Premiere in der Turnhalle: Flohmarkt stärkt Gemeinschaft und Nachhaltigkeit

In der Turnhalle der Geschwister-Scholl-Grundschule in Perleberg herrschte bereits am frühen Morgen reges Treiben. Der Förderverein der Grundschule und des Hortes Piccolino hatte erstmals zu einem Flohmarkt eingeladen, der mit 30 Ständen schnell zum beliebten Anlaufpunkt für Stöberer und Feilscher wurde. Die Veranstaltung markiert den Beginn einer neuen Tradition, die sich vor den Osterferien etablieren soll.

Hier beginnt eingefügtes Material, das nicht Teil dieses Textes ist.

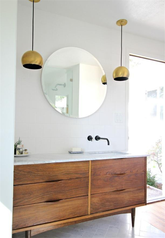 您也可以輕松地創建一個具有中世紀現代感的浴室。不是每一個當代空間都需要冷酷個性的剛性邊緣。相反,你可以重新調整舊件的用途,給它們新的生活,就像你看到的,這個虛榮的設計是有目的的!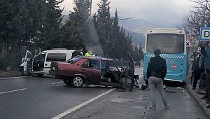 ticari araca, sonra halk otobüsüne çarparak ancak durabildi. Kazada otomobilde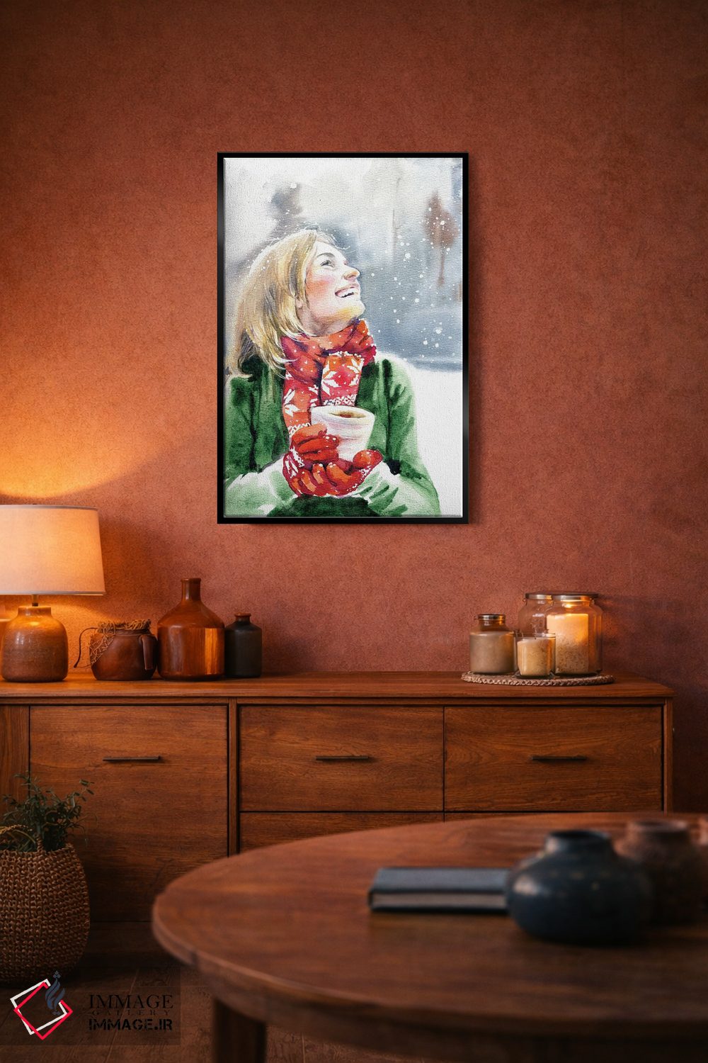 براساس پالت ترکیبی اثر، قاب تیک گرم (چوبی) پیشنهاد اول است و مشکی مات (فریم متوسط) مکمل. برای سفارشهای پروژهای با ابعاد و قابهای اختصاصی با ایماژ در تماس باشید.

Initiative einer Mutter führt zur erfolgreichen Premiere

Die Idee für den Flohmarkt entstand durch eine Anregung einer Mutter, wie die Vorsitzende des Fördervereins, Andrea Wittkopf, berichtete. „Wir haben die Teilnehmerzahl bewusst auf 30 Stände begrenzt, um zunächst die Resonanz zu testen“, erklärte Wittkopf. Das langfristige Ziel ist jedoch klar: Der Flohmarkt soll jährlich etwa zwei Wochen vor den Osterferien stattfinden und sich als feste Institution etablieren. Diese Planung unterstreicht das Engagement des Vereinsvorstands, der der Initiative einstimmig zugestimmt hatte.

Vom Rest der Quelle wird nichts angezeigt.